In (Bonanno, Int J Game Theory 42:567–592, 2013) a general notion of perfect Bayesian equilibrium (PBE) for extensive-form games was introduced and shown to be intermediate between subgame-perfect equilibrium and sequential equilibrium. Besides sequential rationality, the ingredients of the proposed notion are (1) the existence of a plausibility order on the set of histories that rationalizes the given assessment and (2) the notion of Bayesian consistency relative to the plausibility order. We show that a cardinal property of the plausibility order and a strengthening of the notion of Bayesian consistency provide necessary and sufficient conditions for a PBE to be a sequential equilibrium.

Appendix: Proofs

Proof of Lemma 8

We shall construct a full-support common prior that satisfies the properties of Lemma 8. Let \(\mathcal {E}\) be the finite collection of equivalence classes of \(\precsim \) and let \((E_{1},\ldots ,E_{m})\) be the ordering of \(\mathcal {E}\) according to decreasing plausibility, that is, \(\forall h,h^{\prime }\in H\), \(\forall i,j\in \{1,\ldots ,m\}\), if \(h\in E_{i}\) and \(h^{\prime }\in E_{j}\) then \(h\prec h^{\prime }\) if and only if \(i<j\). Let \(\mathcal {E}^{+}=\left\{ E\in \mathcal {E}:E\cap D_{\mu }^{+}\ne \varnothing \right\} \) and let \(\mathcal {N }=\left\{ \nu _{E}\right\} _{E\in \mathcal {E}^{+}}\) be an arbitrary collection of probability density functions that satisfy the properties of Definition 3. Fix an equivalence class \(E_{i}\) and define the function \(f_{E_{i}}:H\rightarrow [0,1]\) recursively as follows.
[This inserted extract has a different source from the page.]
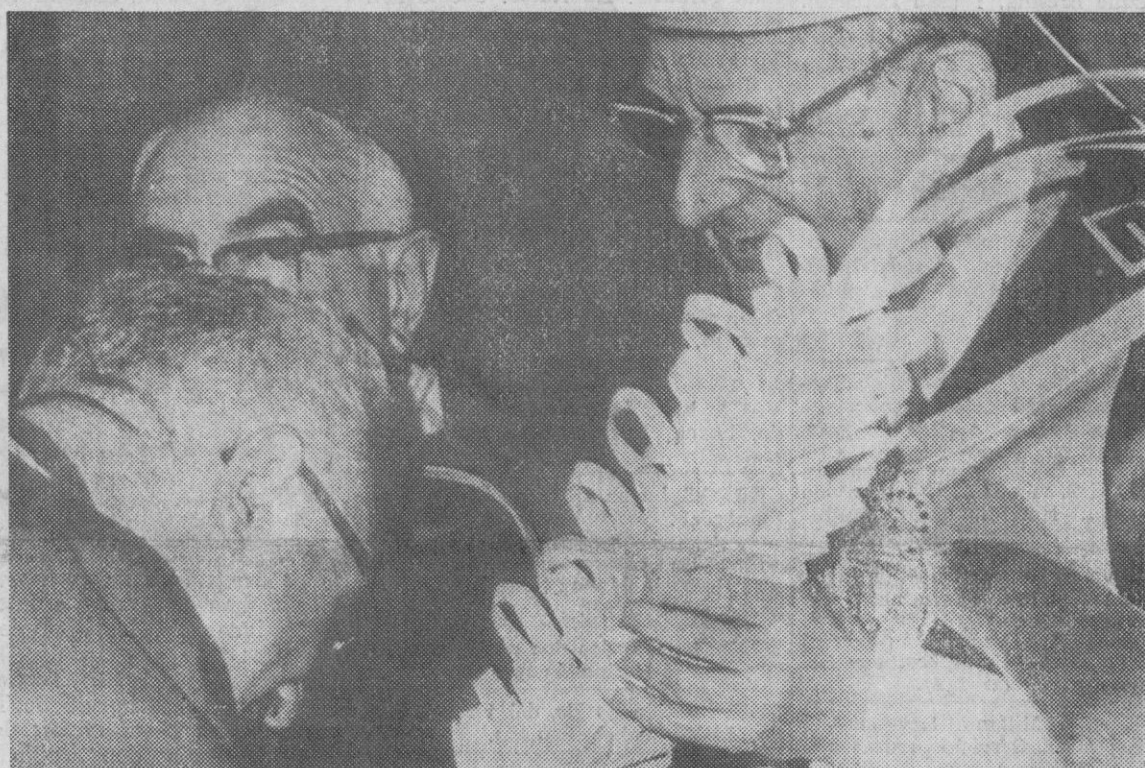
Vaticano.—Pablo VI entrega una palma al cardenal Felici, de Italia. La palma había sido bendecida en la tradicional ceremonia del Domingo de Ramos, que tuvo lugar en el pórtico de la basílica de San Pedro.

Step 0. For every \(h\notin E_{i}\) set \(f_{E_{i}}(h)=0\).

Step 1. For every \(h\in E_{i}\cap D_{\mu }^{+}\) set \( f_{E_{i}}(h)=\nu _{E_{i}}(h),\) where \(\nu _{E_{i}}(\cdot )\) is the relevant element of \(\mathcal {N}\). Note that, by Property B2 of Definition 3, if \(h,ha\in E_{i}\cap D_{\mu }^{+}\) then \( f_{E_{i}}(ha)=f_{E_{i}}(h)\times \sigma (a)\).
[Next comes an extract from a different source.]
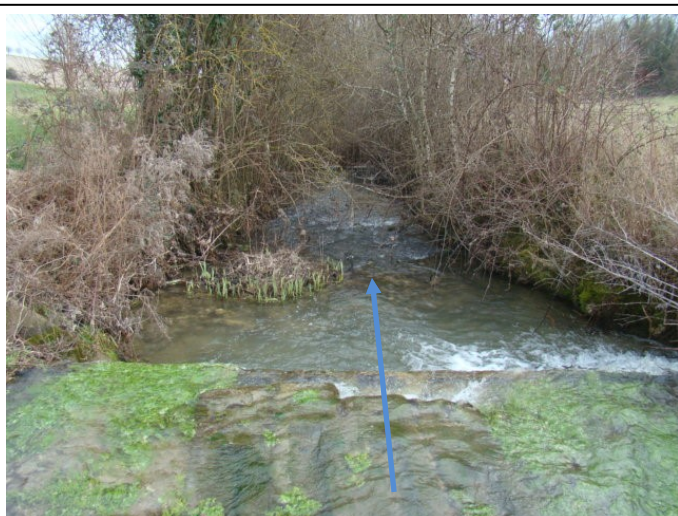
Avant Travaux :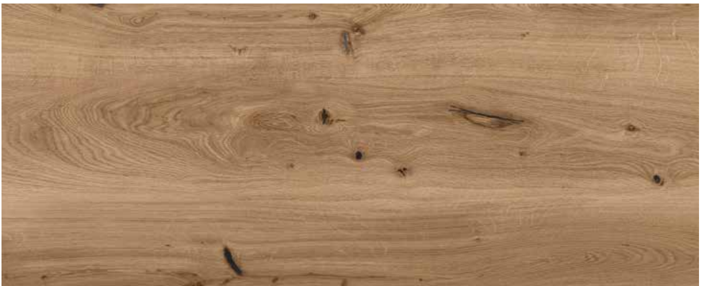
Panama Oak Cognac 80003945 1225 x 195 x 8,5 mm

Step 2. Let \(h,ha\in E_{i}\); then (a) if \(h\notin D_{\mu }^{+}\) and \(ha\in D_{\mu }^{+}\), set \(f_{E_{i}}(h)=\frac{f_{E_{i}}(ha) }{\sigma (a)}\) (note that, by P1 of Definition 2, \(h\sim ha\) implies \(\sigma (a)>0\)) and (b) if \(h\in D_{\mu }^{+}\) and \(ha\notin D_{\mu }^{+}\), set \(f_{E_{i}}(ha)=f_{E_{i}}(h)\times \sigma (a)\). Note that, because of Property B2 of Definition 3, the values assigned under Step 2 cannot be inconsistent with the values assigned under Step 1.²⁸

Step 3. After completing Steps 1 and 2, the only histories \(h\in E_{i}\) for which \(f_{E_{i}}(h)\) has not been defined yet are those that satisfy the following properties: (1) there is no prefix \( h^{\prime }\) of h such that \(h^{\prime }\in E_{i}\cap D_{\mu }^{+}\) and (2) there is no \(h^{\prime }\in E_{i}\cap D_{\mu }^{+}\) such that h is a prefix of \(h^{\prime }\). Let \(\hat{E}_{i}\subseteq E_{i}\) be the set of such histories (it could be that \(\hat{E}_{i}=\varnothing \)). A maximal path in \( \hat{E}_{i}\) is a sequence \(\left\langle h,ha_{1},ha_{1}a_{2},\ldots ,ha_{1}a_{2}\ldots a_{p}\right\rangle \) in \(\hat{E}_{i}\) such that \(ha_{1}a_{2}\ldots a_{p}\) is a terminal history and there is no \( h^{\prime }\in \hat{E}_{i}\) which is a proper prefix of h. Fix an arbitrary maximal path \(\left\langle h,ha_{1},\ldots ,ha_{1}a_{2}\ldots a_{p}\right\rangle \) in \(\hat{E}_{i}\) and define \( f_{E_{i}}(h)=1\) and, for every \(i=0,\ldots ,p-1\), \(f_{E_{i}}(ha_{1}\ldots a_{i+1})=\) \(f_{E_{i}}(ha_{1}\ldots a_{i})\times \sigma (a_{i+1})\) (defining \(ha_{0}\) to be h; note that, by P1 of Definition 2 \(\sigma (a_{i})>0\) for all \(i=1,\ldots ,p\)).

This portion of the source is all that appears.